Benefits and salaries

When it comes to benefits for employees, the executive director of TNation says that they have not changed in their company, nor do they intend to change or reduce them. “We have always tried to provide our employees with some realistic and normal benefits, we did not go to extremes and followed the trends at all costs, so now we do not even need to react in particular,” they say. Even Devtech did not cancel benefits due to the current situation in the industry, but, as they state, during the last year they updated and expanded the package of benefits, which are characterized by flexibility and the choice that employees can make according to their affinities.

On the other hand, Radojičić claims that benefits in the IT sector, broadly speaking, are decreasing because now the focus is on salaries and less on benefits. “As for salary trends – depending on the position, some salaries continue to grow and some stagnate.
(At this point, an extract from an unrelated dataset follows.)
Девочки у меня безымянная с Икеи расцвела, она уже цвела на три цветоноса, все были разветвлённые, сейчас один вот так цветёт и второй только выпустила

For machine learning, for example, there are no lower salaries, but for, say, developers working on solutions for mobile phones, we can notice downward trend in wages.”
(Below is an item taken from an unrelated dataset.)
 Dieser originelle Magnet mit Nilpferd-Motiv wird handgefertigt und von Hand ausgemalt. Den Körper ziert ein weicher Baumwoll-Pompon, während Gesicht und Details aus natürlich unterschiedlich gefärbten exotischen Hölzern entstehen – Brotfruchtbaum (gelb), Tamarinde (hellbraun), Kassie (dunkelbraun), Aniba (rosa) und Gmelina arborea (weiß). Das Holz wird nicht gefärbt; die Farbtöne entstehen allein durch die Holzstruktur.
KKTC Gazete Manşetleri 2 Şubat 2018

The level of earnings Is a particularly problematic issue in times of persistent inflation, which we are currently witnessing, so it appears more often in the conversation between employees and management.

“It is inevitable that we face this issue in the current circumstances and we are trying to respond to the situation with longer-term, optimal solutions, which in this case rely on adjusting the salary range and rewarding based on performance,” says Suboticki Berar.
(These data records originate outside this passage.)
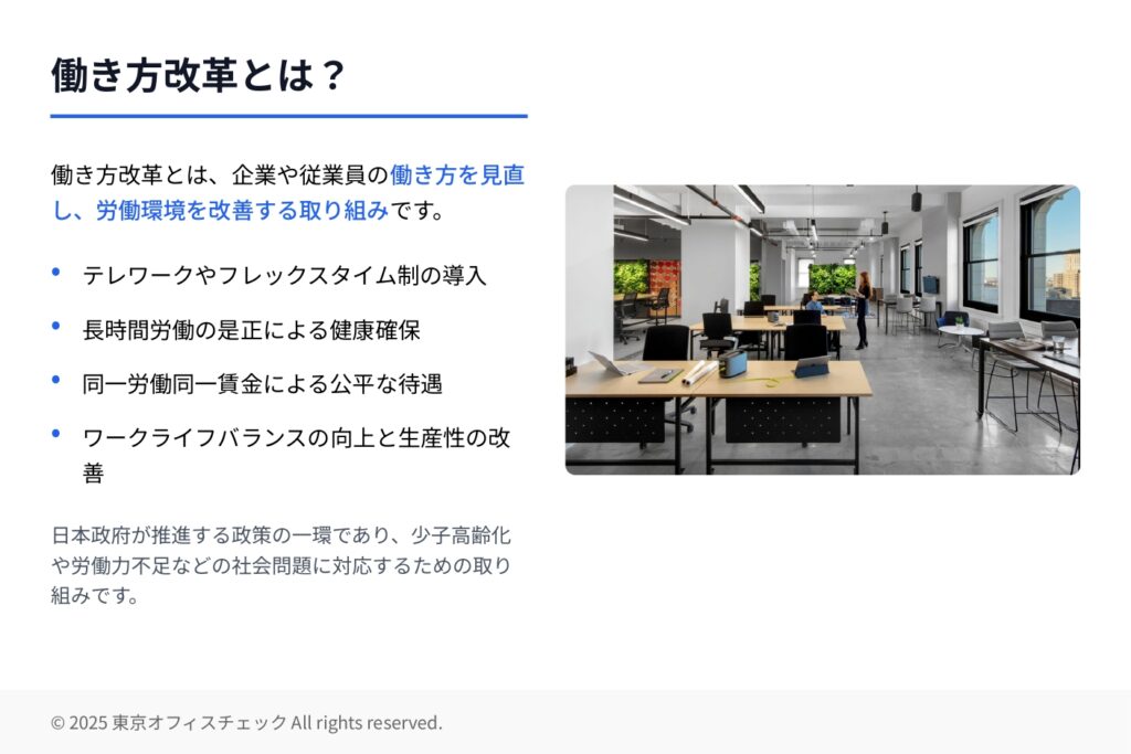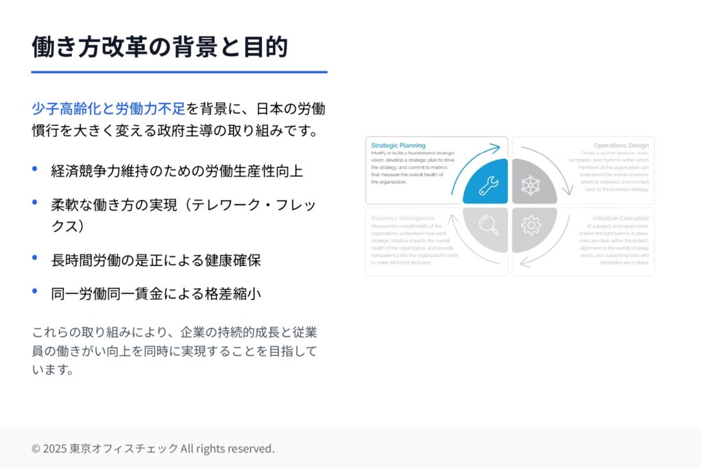 働き方改革とは、企業や労働者の働き方を見直し、労働環境を改善する取り組みのことです。具体的には、テレワークやフレックスタイム制の導入、長時間労働の是正、同一労働同一賃金などが含まれます。これにより、労働者のワークライフバランスを向上させ、企業の生産性を高めることを目指しています。この改革は、日本政府が推進する政策の一環であり、少子高齢化や労働力不足といった社会問題に対応するための重要な取り組みとなっています。働き方改革の背景と目的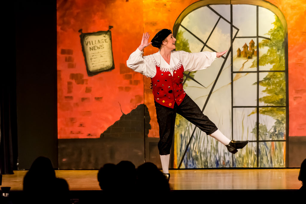 GalleriesArtsTheatre9 CinderellaPerformanceActor In Costume, Stage Performance. Actor In Costume, Stage Performance. A performer, in costume, acts on stage. The "Village News" is visible on the backdrop. The audience watches. Actor In Costume, Stage Performance.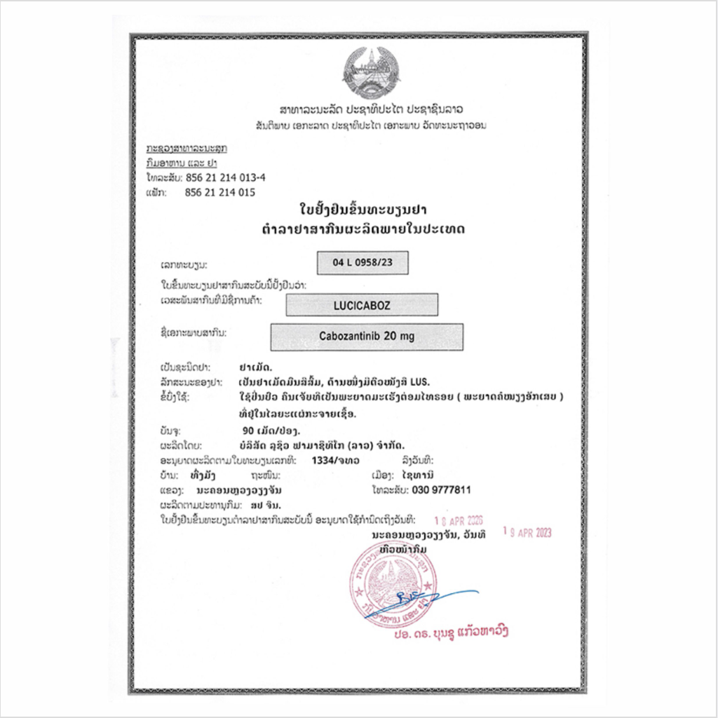 LuciCaboz is a kinase inhibitor indicated for the treatment of

There are requests for raises, but not too many, Kresojević points out, because their employees are aware of the overall situation in the economy. “We have open communication with them and they are aware of our capabilities, so all their requests were based on realism.”

Candidates and employees have more questions

Bearing in mind all of the above, companies notice somewhat different reactions from employees due to the crisis. “Colleagues are now asking HR much more about the stability of the projects they are working on and the stability of the end clients, whose projects they are working on,” says our interlocutor from TNation.

Berar from Subotica presents a similar situation in Devtech, also emphasizing the position that the most important thing for employees is to know if they can maintain a sense of security in an uncertain time. “We use opportunities such as monthly team meetings and Q&A tools to share new information about company events, opportunities, successes, challenges and answer all employee questions.”

At BPS Tech, they state that job candidates are more open to conversation.

“They are aware that the market is unstable and that they could lose their jobs tomorrow, so it suits them to have more options open. Especially since we employ seniors who are mostly people with families to support,” says Nedeljković.

All this means additional challenges for people from the HR sector. “Crisis occasions are an occasion to strengthen and adapt principles such as transparency, trust and responsibility, which we are working on with the team in this case as well”, assesses Suboticki Berar. In addition, she adds, in an industry as dynamic as IT, there is a strong need to nurture the experience of employees, among other things, through a harmonized corporate culture of a company.

“It should be borne in mind that Devtech employed 82 people within six months in 2022, which is almost 50 percent growth in half a year. With such a jump and growth in the number of employees in North America and throughout Europe, and at the same time the plan for the next year, there was an increased need for additional care of employees, retention and expansion of company culture and an approach based on measurable data.”